Testing with NullPool

Disable pooling in tests:

from sqlalchemy.pool import NullPool

# Test configuration - no connection pooling
test_engine = create_engine(
    "postgresql://user:pass@localhost/test_db",
    poolclass=NullPool,  # No pooling - each query gets new connection
    echo=True            # Log all SQL queries
)

Query Optimization

N+1 Query Detection

Automatic detection in tests:

from sqlalchemy import event
from sqlalchemy.engine import Engine
import pytest

class QueryCounter:
    """Count queries executed during test"""
    def __init__(self):
        self.queries = []

    def __enter__(self):
        event.listen(Engine, "before_cursor_execute", self._before_cursor_execute)
        return self

    def __exit__(self, *args):
        event.remove(Engine, "before_cursor_execute", self._before_cursor_execute)

    def _before_cursor_execute(self, conn, cursor, statement, *args):
        self.queries.append(statement)

    @property
    def count(self):
        return len(self.queries)

# Test usage
def test_no_n_plus_1():
    with QueryCounter() as counter:
        users = get_users_with_posts()  # Should use eager loading

        # Access posts (should not trigger additional queries)
        for user in users:
            _ = [post.title for post in user.posts]

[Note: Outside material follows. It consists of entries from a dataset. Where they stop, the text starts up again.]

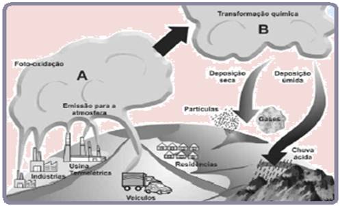 a) identifique, em A, dois óxidos que se destacam e, em B, os ácidos que geram a chuva ácida, originados na
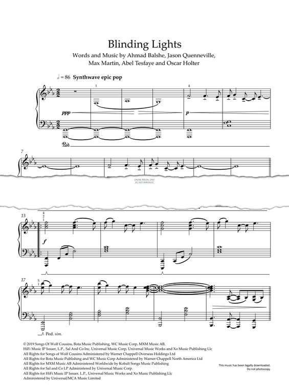 Blinding Lights by The Weeknd. Arranged for piano solo in digital sheet music format.
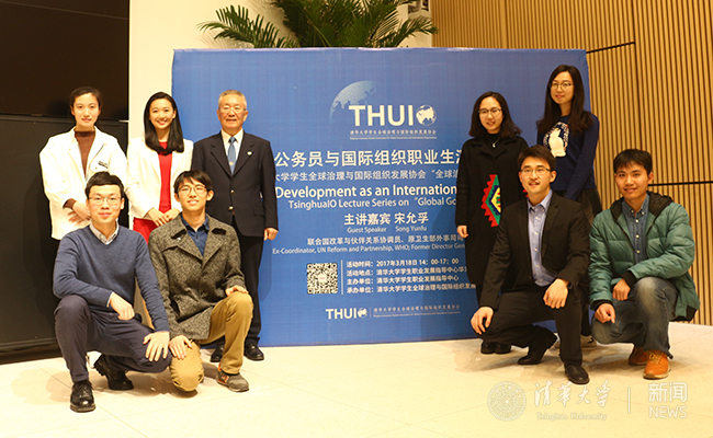 清华新闻网3月23日电 (通讯员 刘亮)3月18日,世界卫生组织前高级官员、卫生部外事司原司长宋允孚受邀来到清华大学,在学生职业发展指导中心以“国际公务员与国际组织职业生涯发展之路”为题,为清华学子带来了一场精彩的讲座。清华大学党委副书记史宗恺出席讲座并致辞。

        # Should be 1-2 queries, not 101
        assert counter.count <= 2, f"N+1 detected: {counter.count} queries"

Eager Loading Strategies

Decision matrix:

Pattern	Queries	Use When	Example
`joinedload()`	1 (JOIN)	One-to-one, small one-to-many	User → Profile
`selectinload()`	2 (IN clause)	One-to-many with many rows	User → Posts
`subqueryload()`	2 (subquery)	Legacy alternative	Use selectinload instead
`raiseload()`	0 (raises error)	Prevent lazy loading	Production safety

joinedload() - Single query with JOIN:

from sqlalchemy.orm import joinedload

# Single query: SELECT * FROM users LEFT OUTER JOIN posts ON ...
users = db.query(User).options(
    joinedload(User.posts)
).all()

# Best for one-to-one or small one-to-many
user = db.query(User).options(
    joinedload(User.profile)  # One-to-one
).filter(User.id == user_id).first()

selectinload() - Two queries (more efficient for many rows):

from sqlalchemy.orm import selectinload

# Query 1: SELECT * FROM users
# Query 2: SELECT * FROM posts WHERE user_id IN (1, 2, 3, ...)
users = db.query(User).options(
    selectinload(User.posts)
).all()

# Best for one-to-many with many related rows

Nested eager loading:

# Load users → posts → comments (3 queries total)
users = db.query(User).options(
    selectinload(User.posts).selectinload(Post.comments)
).all()

Conditional eager loading:

from sqlalchemy.orm import selectinload, Load

# Only load published posts
users = db.query(User).options(
    selectinload(User.posts).options(
        Load(Post).filter(Post.published == True)
    )
).all()

Prevent lazy loading in production (raiseload):

from sqlalchemy.orm import raiseload

# Raise error if any relationship accessed without eager loading
users = db.query(User).options(
    raiseload('*')  # Disable all lazy loading
).all()

# This will raise an error:
# user.posts  # InvalidRequestError: 'User.posts' is not available due to lazy='raise'

Query Performance Measurement

Log slow queries:

from sqlalchemy import event
from sqlalchemy.engine import Engine
import time
import logging

logger = logging.getLogger(__name__)

SLOW_QUERY_THRESHOLD = 1.0  # seconds

@event.listens_for(Engine, "before_cursor_execute")
def before_cursor_execute(conn, cursor, statement, parameters, context, executemany):
    conn.info.setdefault('query_start_time', []).append(time.time())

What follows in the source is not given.